● **WORK REQUEST**:
Do not include the pictures; repeat the rest of the data exactly.

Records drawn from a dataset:
/---

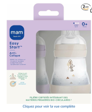 MAM Lot de 2 biberons Easy Start Anti-Colique 0+ mois débit lent (2 x 160 ml) Lilas + Sable – Biberon pour réduire les coliques et l'inconfort de bébé – Biberon bébé compatible avec l'allaitement
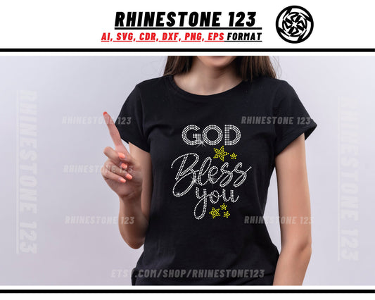 God Bless You Rhinestone Template, Rhinestone File for SS10, Rhinestone SVG, cricut, silhouette, PNG, AI, cdr, dxf, eps
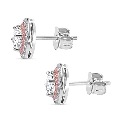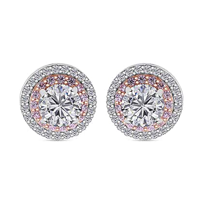 White Cubic Zirconia, Pink Cubic Zirconia Double Halo Earrings in Rhodium Overlay Sterling Silver 1.70 ct.
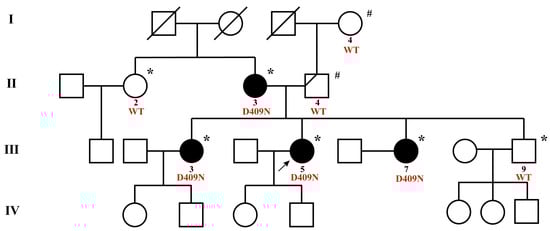 The pedigree of the FNMTC family. Squares represent males, and circles represent females. Filled circles and squares represent diagnosed PTC patients. Short diagonal lines represent patients with thyroid nodules, and long diagonal lines represent deceased members. The black arrow points to the FNMTC family proband. Subjects participating in this study are labeled with numbers. * denotes subjects analyzed by whole-exome sequencing; # denotes subjects analyzed by Sanger sequencing. “WT” stands for Wide Type, PPP4R3A wild type gene; “D409N” marks family members carrying the p.(Asp409Asn) mutation in the PPP4R3A gene.
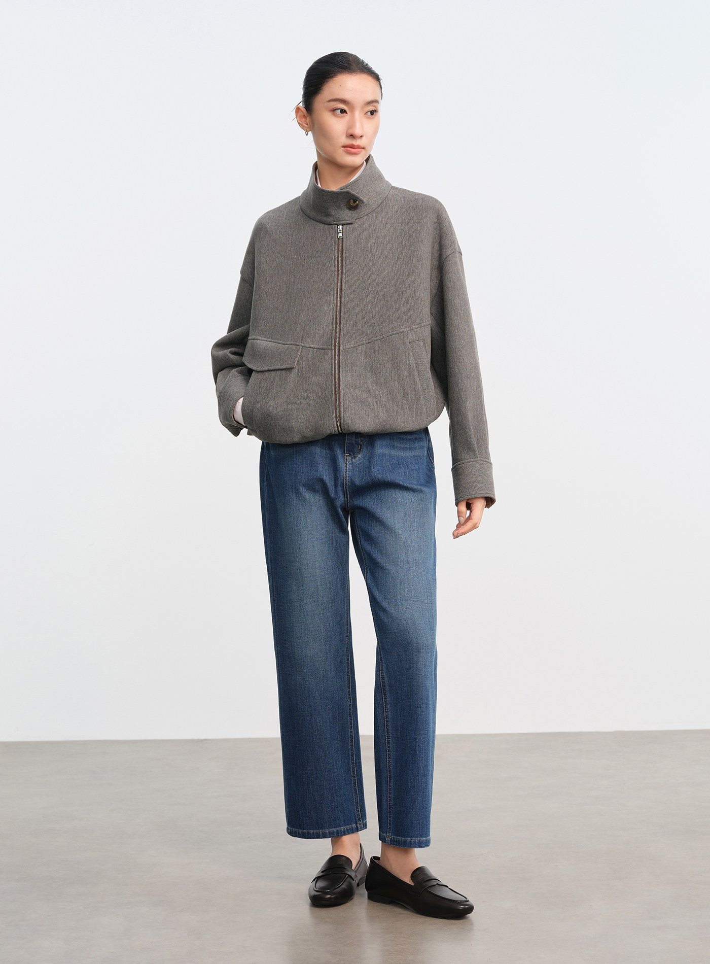 品牌金屬標挺廓後剪接寬褲$76 USD
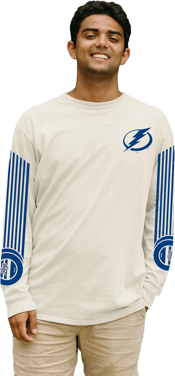 This Anaheim dyed ringspun long sleeve t-shirt has high-quality graphics on the front & sleeves perfect for any Ducks fan that loves to show their team pride
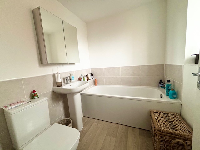 BATHROOMFitted with a modern suite of white panel bath in a tiled surround. Low-level WC. Pedestal wash hand basin with mixer tap over. Radiator. Part tiling to walls. Wood effect vinyl flooring.
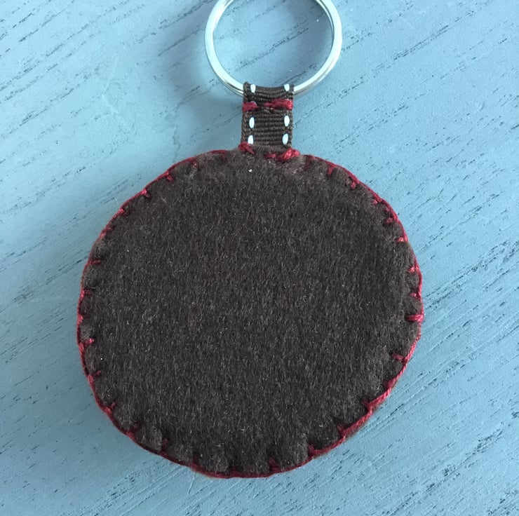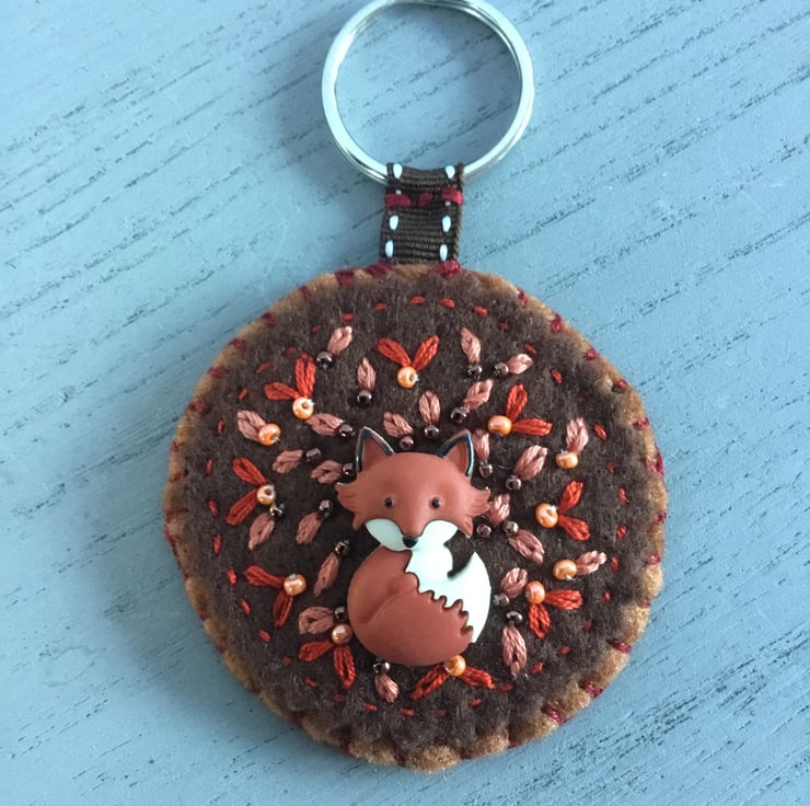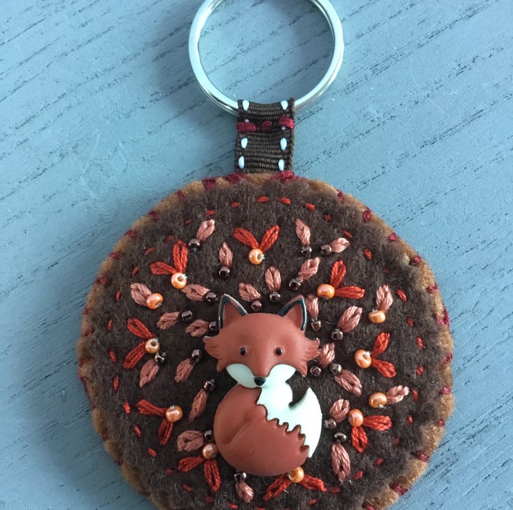 The cute Fox button at the centre of this key ring or handbag accessory is stitched onto a background of brown felt. Leaves are hand embroidered in orange and peach lazy daisy stitches, dotted with orange and brown beads.....so it looks like the Fox is sitting in a pile of Autumn leaves. This circular scene is attached to a metal split ring to hold a key or, to put onto a handbag as an accessory, by cotton brown ribbon.
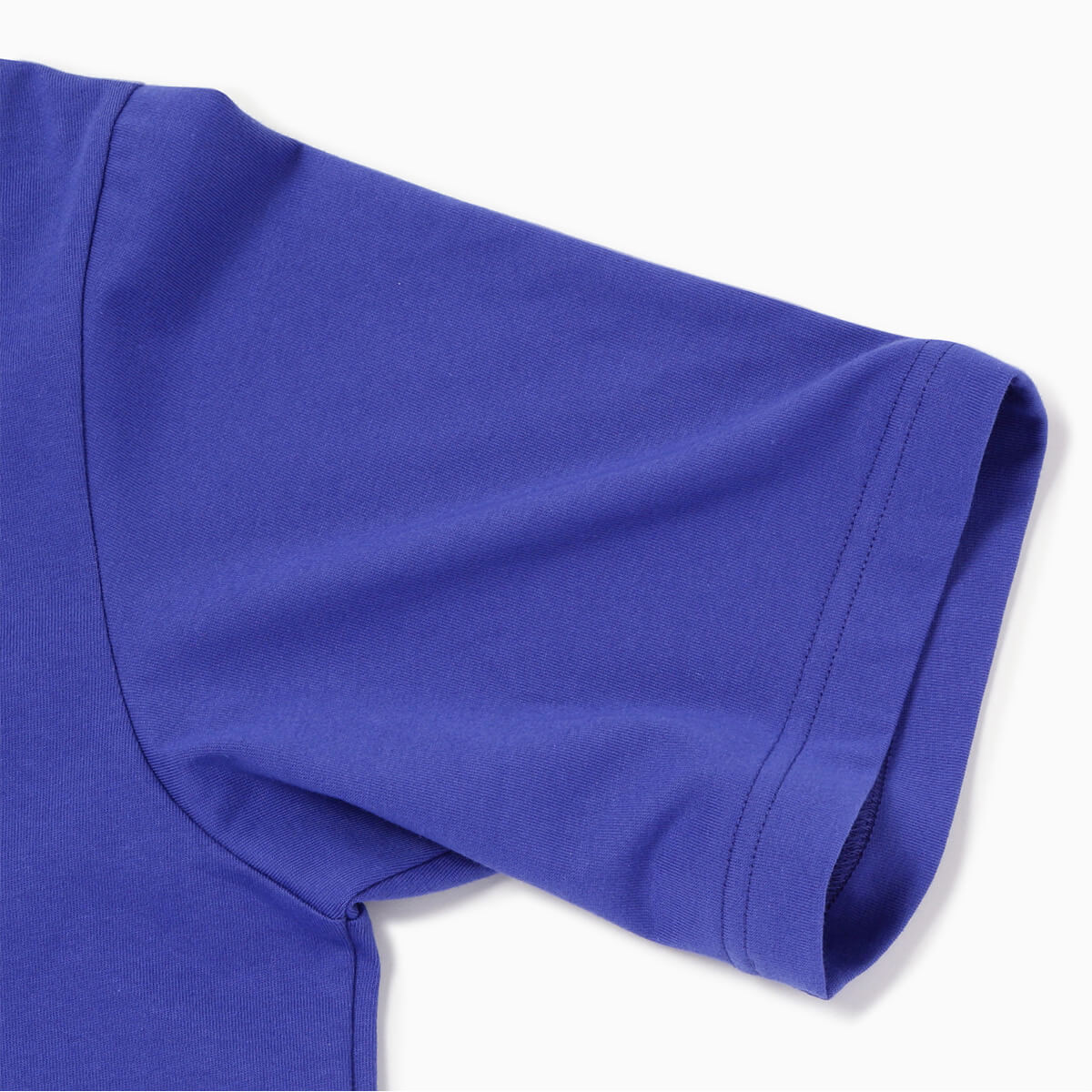 綿コーマ糸とリサイクルポリエステル糸を使用したプレーティング天竺のTシャツです。裏側をポリエステルにすることで速乾性を持たせ肌のべたつきを抑えつつ、表側は綿にすることで自然な風合いを持たせてます。
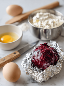 3. In a mixing bowl, combine the beet puree with the beaten egg and ricotta cheese, mixing until smooth and well incorporated. This creates a vibrant, sticky dough base.
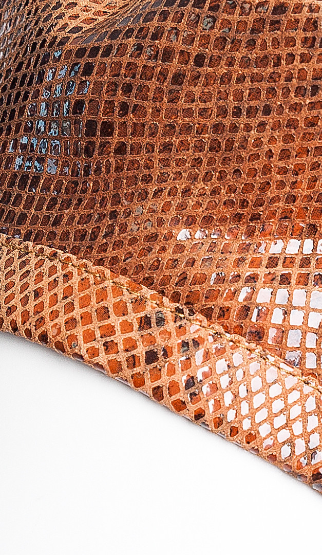 Оригінальний берет в незвичайний принт «рептилія» стане яскравим доповненням класичного пальто або куртки. Виріб по низу оформлено тонкою акуратною планкою. Модель прекрасно підійде для холодної пори року. Для максимального комфорту берет ззаду стягується на спеціальну резинку. Зсередини — на підкладці.
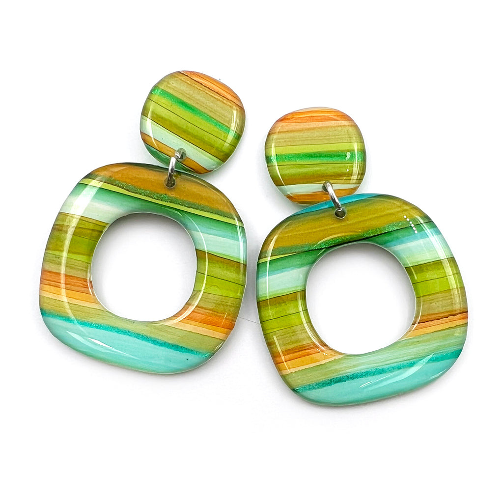 Organic multi-coloured stripes, painted by hand with ink on yupo paper, finished with glossy domed resin on both sides. Lightweight to wear. Each handcrafted pair is one of a kind.
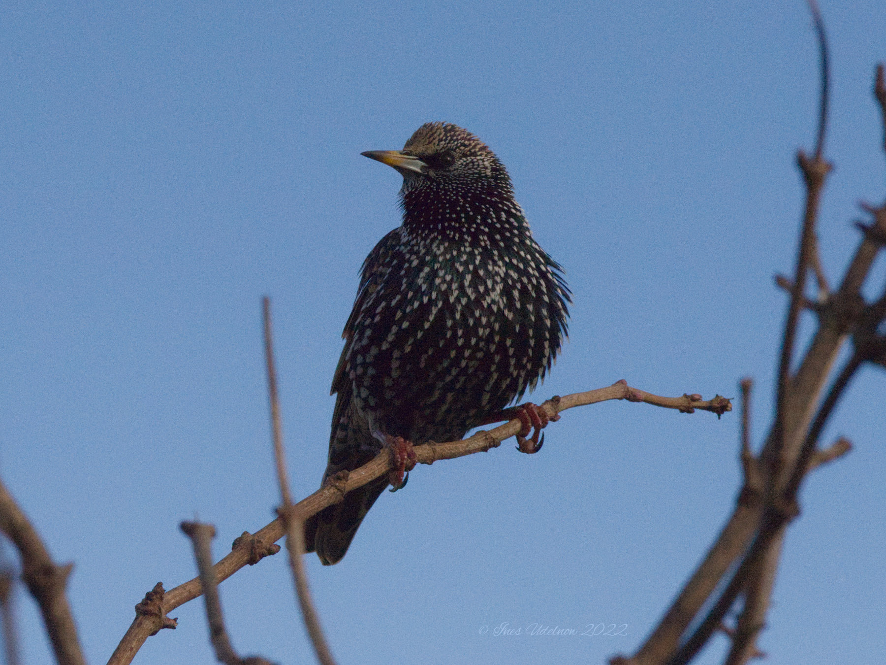 A group of starlings hibernates in Mauerpark, always squawking loudly in chorus. It seems they want to drown out the sparrows. One of them presented itself quite photogenically on a branch in the bright daylight. Small pleasures in the grey everyday life of winter.
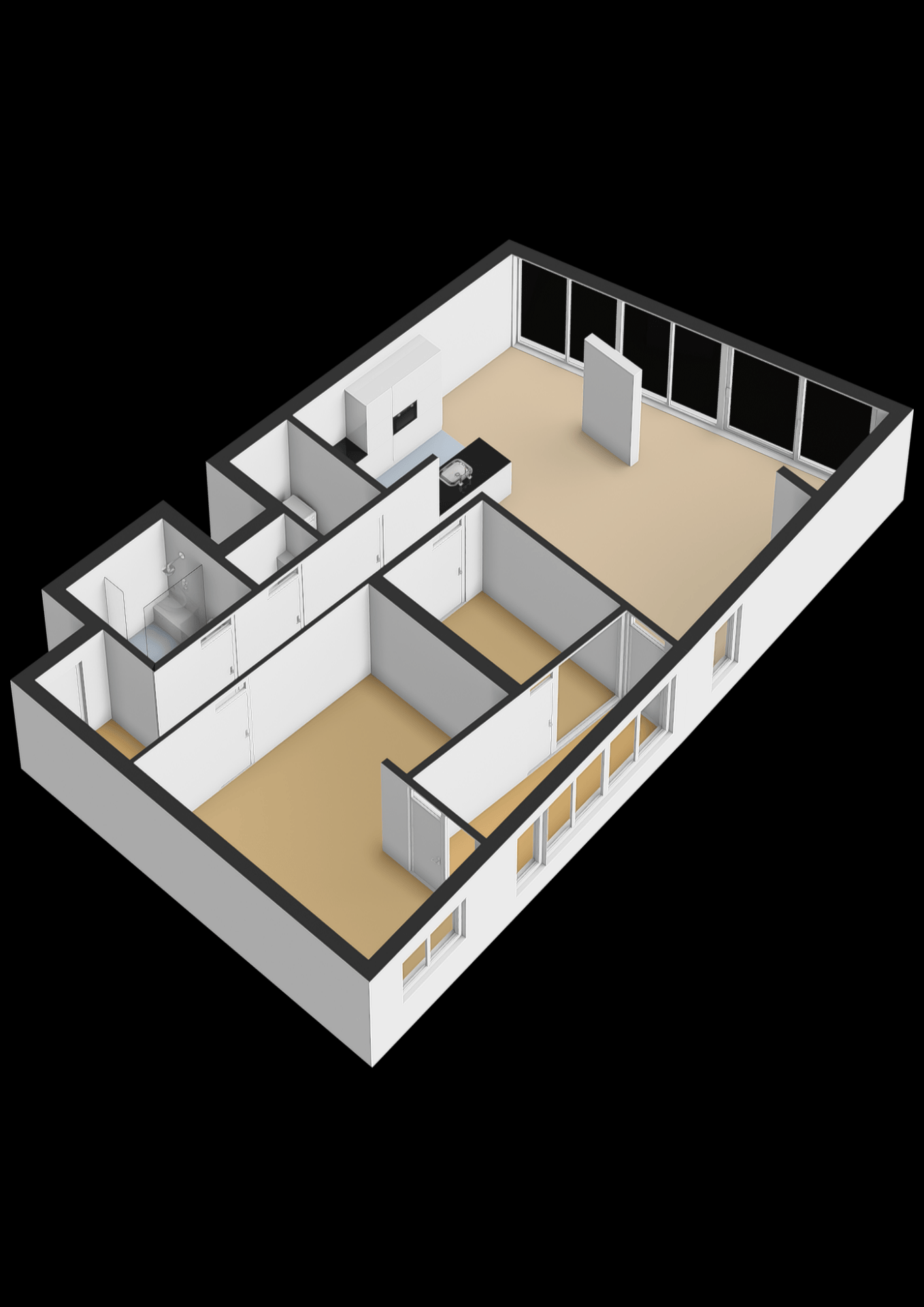 De hoofdslaapkamer is royaal opgezet en biedt volop ruimte voor een groot bed, kastenwand en eventueel een werk- of zithoek. De tweede slaapkamer is veelzijdig inzetbaar als logeerkamer, kinderkamer of thuiskantoor. Oorspronkelijk beschikte het appartement over drie slaapkamers; deze indeling is eenvoudig weer terug te brengen voor wie behoefte heeft aan extra kamers.
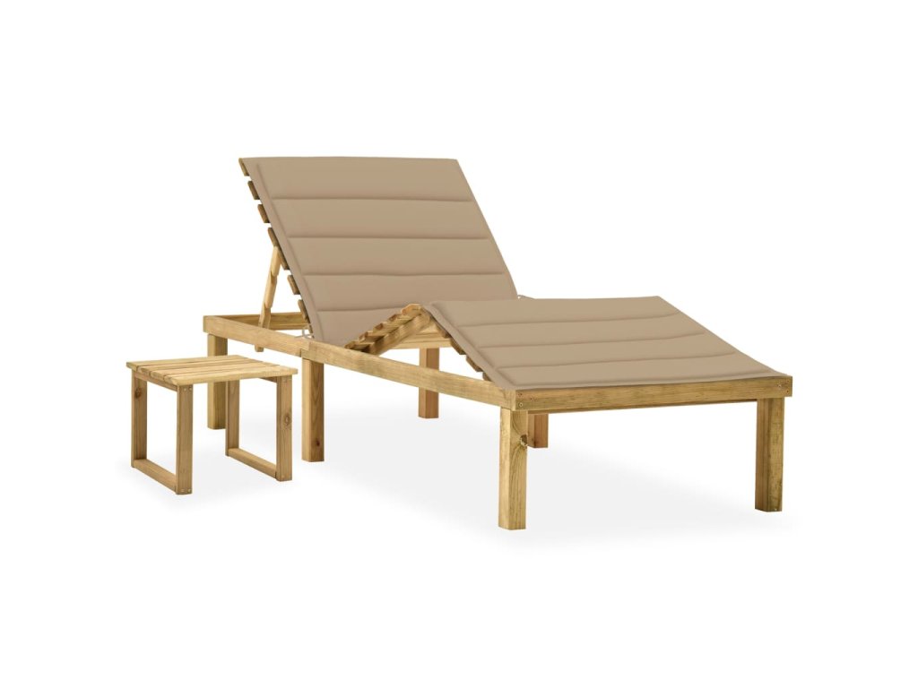 Toto drevené ležadlo s vankúšom a stolíkom kombinuje štýl a funkčnosť, a dodá vášmu vonkajšiemu obytnému priestoru nádych rustikálneho šarmu.

\---

● **WRITTEN RESPONSE**:
 MAM Lot de 2 biberons Easy Start Anti-Colique 0+ mois débit lent (2 x 160 ml) Lilas + Sable – Biberon pour réduire les coliques et l'inconfort de bébé – Biberon bébé compatible avec l'allaitement
 God Bless You Rhinestone Template, Rhinestone File for SS10, Rhinestone SVG, cricut, silhouette, PNG, AI, cdr, dxf, eps
 White Cubic Zirconia, Pink Cubic Zirconia Double Halo Earrings in Rhodium Overlay Sterling Silver 1.70 ct.
 The pedigree of the FNMTC family. Squares represent males, and circles represent females. Filled circles and squares represent diagnosed PTC patients. Short diagonal lines represent patients with thyroid nodules, and long diagonal lines represent deceased members. The black arrow points to the FNMTC family proband. Subjects participating in this study are labeled with numbers. * denotes subjects analyzed by whole-exome sequencing; # denotes subjects analyzed by Sanger sequencing. “WT” stands for Wide Type, PPP4R3A wild type gene; “D409N” marks family members carrying the p.(Asp409Asn) mutation in the PPP4R3A gene.
 品牌金屬標挺廓後剪接寬褲$76 USD
 This Anaheim dyed ringspun long sleeve t-shirt has high-quality graphics on the front & sleeves perfect for any Ducks fan that loves to show their team pride
 BATHROOMFitted with a modern suite of white panel bath in a tiled surround. Low-level WC. Pedestal wash hand basin with mixer tap over. Radiator. Part tiling to walls. Wood effect vinyl flooring.
 The cute Fox button at the centre of this key ring or handbag accessory is stitched onto a background of brown felt. Leaves are hand embroidered in orange and peach lazy daisy stitches, dotted with orange and brown beads.....so it looks like the Fox is sitting in a pile of Autumn leaves. This circular scene is attached to a metal split ring to hold a key or, to put onto a handbag as an accessory, by cotton brown ribbon.
 綿コーマ糸とリサイクルポリエステル糸を使用したプレーティング天竺のTシャツです。裏側をポリエステルにすることで速乾性を持たせ肌のべたつきを抑えつつ、表側は綿にすることで自然な風合いを持たせてます。
 3. In a mixing bowl, combine the beet puree with the beaten egg and ricotta cheese, mixing until smooth and well incorporated. This creates a vibrant, sticky dough base.
 Оригінальний берет в незвичайний принт «рептилія» стане яскравим доповненням класичного пальто або куртки. Виріб по низу оформлено тонкою акуратною планкою. Модель прекрасно підійде для холодної пори року. Для максимального комфорту берет ззаду стягується на спеціальну резинку. Зсередини — на підкладці.
 Organic multi-coloured stripes, painted by hand with ink on yupo paper, finished with glossy domed resin on both sides. Lightweight to wear. Each handcrafted pair is one of a kind.
 A group of starlings hibernates in Mauerpark, always squawking loudly in chorus. It seems they want to drown out the sparrows. One of them presented itself quite photogenically on a branch in the bright daylight. Small pleasures in the grey everyday life of winter.
 De hoofdslaapkamer is royaal opgezet en biedt volop ruimte voor een groot bed, kastenwand en eventueel een werk- of zithoek. De tweede slaapkamer is veelzijdig inzetbaar als logeerkamer, kinderkamer of thuiskantoor. Oorspronkelijk beschikte het appartement over drie slaapkamers; deze indeling is eenvoudig weer terug te brengen voor wie behoefte heeft aan extra kamers.
 Toto drevené ležadlo s vankúšom a stolíkom kombinuje štýl a funkčnosť, a dodá vášmu vonkajšiemu obytnému priestoru nádych rustikálneho šarmu.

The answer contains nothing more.